MiR-124-5p Inhibits the Progression of Gastric Cancer by Targeting MIEN1

Feng Liang; HongYan Zhang; YuXuan Qiu; QianRu Xu; KaiYu Jian; Lin Jiang; Fei Wang; Xin Lu

doi:10.1177/1533033820979199

. 2020 Dec 22;19:1533033820979199. doi: 10.1177/1533033820979199

MiR-124-5p Inhibits the Progression of Gastric Cancer by Targeting MIEN1

Feng Liang ^1,^✉, HongYan Zhang ², YuXuan Qiu ¹, QianRu Xu ¹, KaiYu Jian ¹, Lin Jiang ¹, Fei Wang ², Xin Lu ¹

PMCID: PMC7758558 PMID: 33349155

Abstract

Objective:

To observe the effect of miR-124-5p on progression of gastric cancer (GC) and explore the targeting mechanism.

Methods:

After collecting the specimens, we used real-time fluorescence quantitative PCR to detect the miR-124-5p level of GC tissue and corresponding adjacent tissue. Then MTT test and scratch wound-healing assay were hired to evaluate the influence of miR-124-5p in GC cell (SGC-803 and SGC7901) migration and proliferation ability. The binding of miR-124-5p to migration and invasion enhancer 1 (MIEN1) was detected through dual luciferase reporter gene experiment and western blot was utilized to assay the protein level of MIEN1.

Results:

Compared with adjacent tissues, miR-124-5p level in GC tissues was lower significantly. MiR-124-5p mimic inhibited the metastasis and proliferation ability of SGC7901 cells and miR-124-5p inhibitor promoted the migration and proliferation ability of SGC803 cells. In addition, miR-124-5p targeted MIEN1 and negatively modulated the MIEN1 expression in SGC-803 and SGC7901 cells. Silencing MIEN1 negatively regulated the metastasis and proliferation ability of SGC7901 cells.

Conclusion:

MiR-124-5p inhibited the GC cell proliferation and metastasis phenotypes through MIEN1, which probably becomes a novel molecular target for clinical GC treatment.
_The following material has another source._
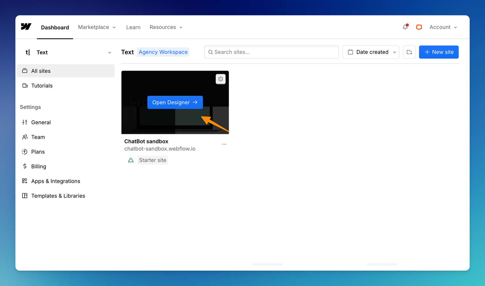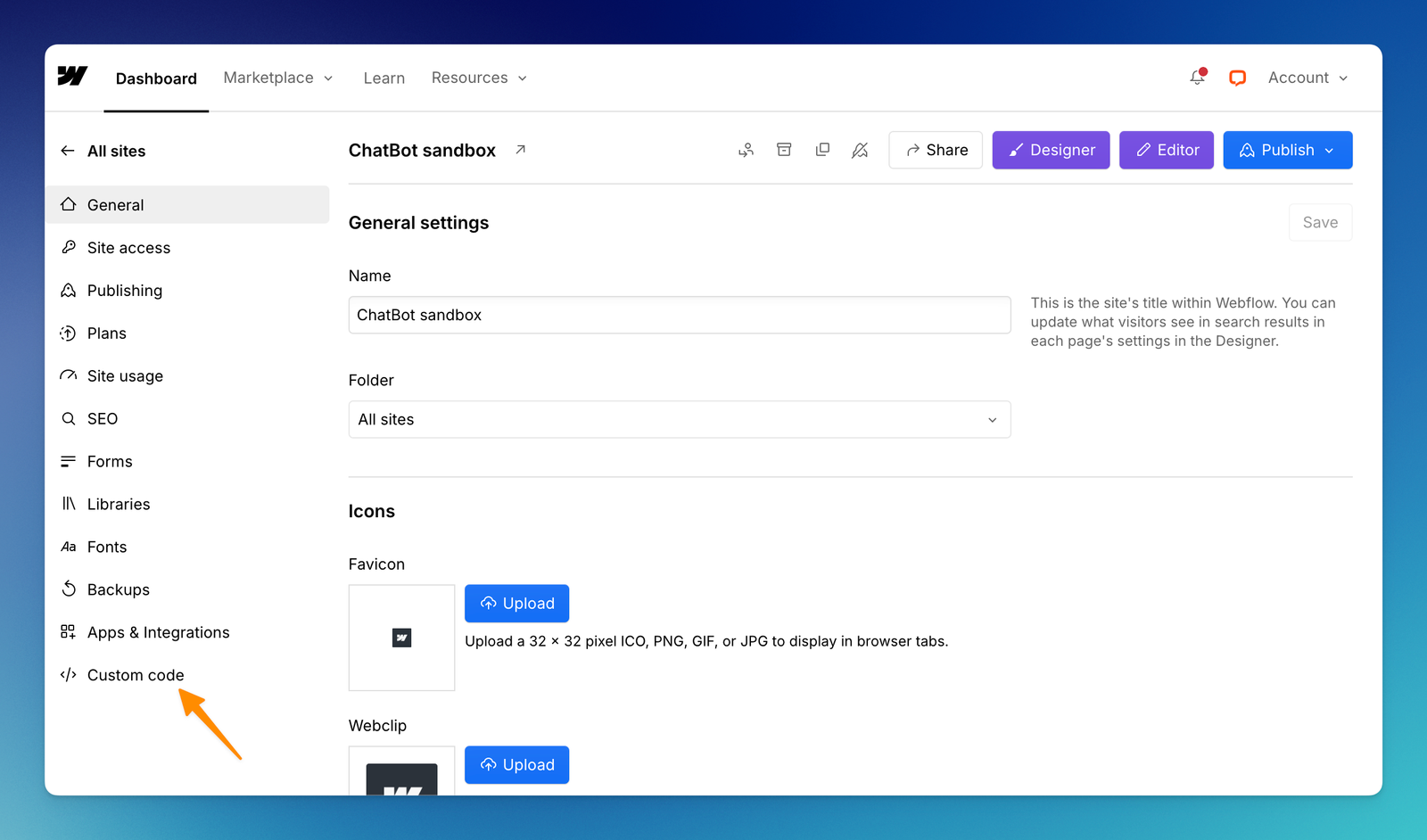 Log in to your Webflow account and select View dashboard. Select the page on which you want to add a bot.

Keywords: miR-124-5p, gastric cancer, MIEN1, cell migration and invasion

Introduction

As the fourth leading cause of mortality, gastric cancer (GC) usually appear at more advanced stages with more aggressive histology patterns and worse prognosis.^1,2 Therefore, it is crucial to develop effective targeted therapy to perform successful intervention.³ Invasion and metastasis are important processes that mediate tumor initiation and development, better understand of which provide information for finding treatment target of GC. So the underlying molecular mechanisms about tumor invasion and metastasis need to be fully elucidated.

It reported that miRNAs are important regulative factor of gene expression^4-6 and play a crucial role in tumors development by regulating tumor suppressor genes and transcription factors.^7-12 For example, Yu et al. found that miR-6852 could inhibit the GC cells proliferation and invasion through forkhead box J1.¹³ Xu et al. demonstrated that miR-543 promotes GC cells migration and invasion by down-regulating speckle-type POZ protein.¹⁴ Previous results have demonstrated that miR-124-3p acts as a potential marker and suppresses tumor growth in gastric cancer.^15,16 Interestingly, some researchers found that miR-124-5p expression in patients with positive lymphatic metastasis of the primary gastric tumor was down-regulated.¹⁷ But the specific relationship between miR-124-5p and GC need to be further clarified.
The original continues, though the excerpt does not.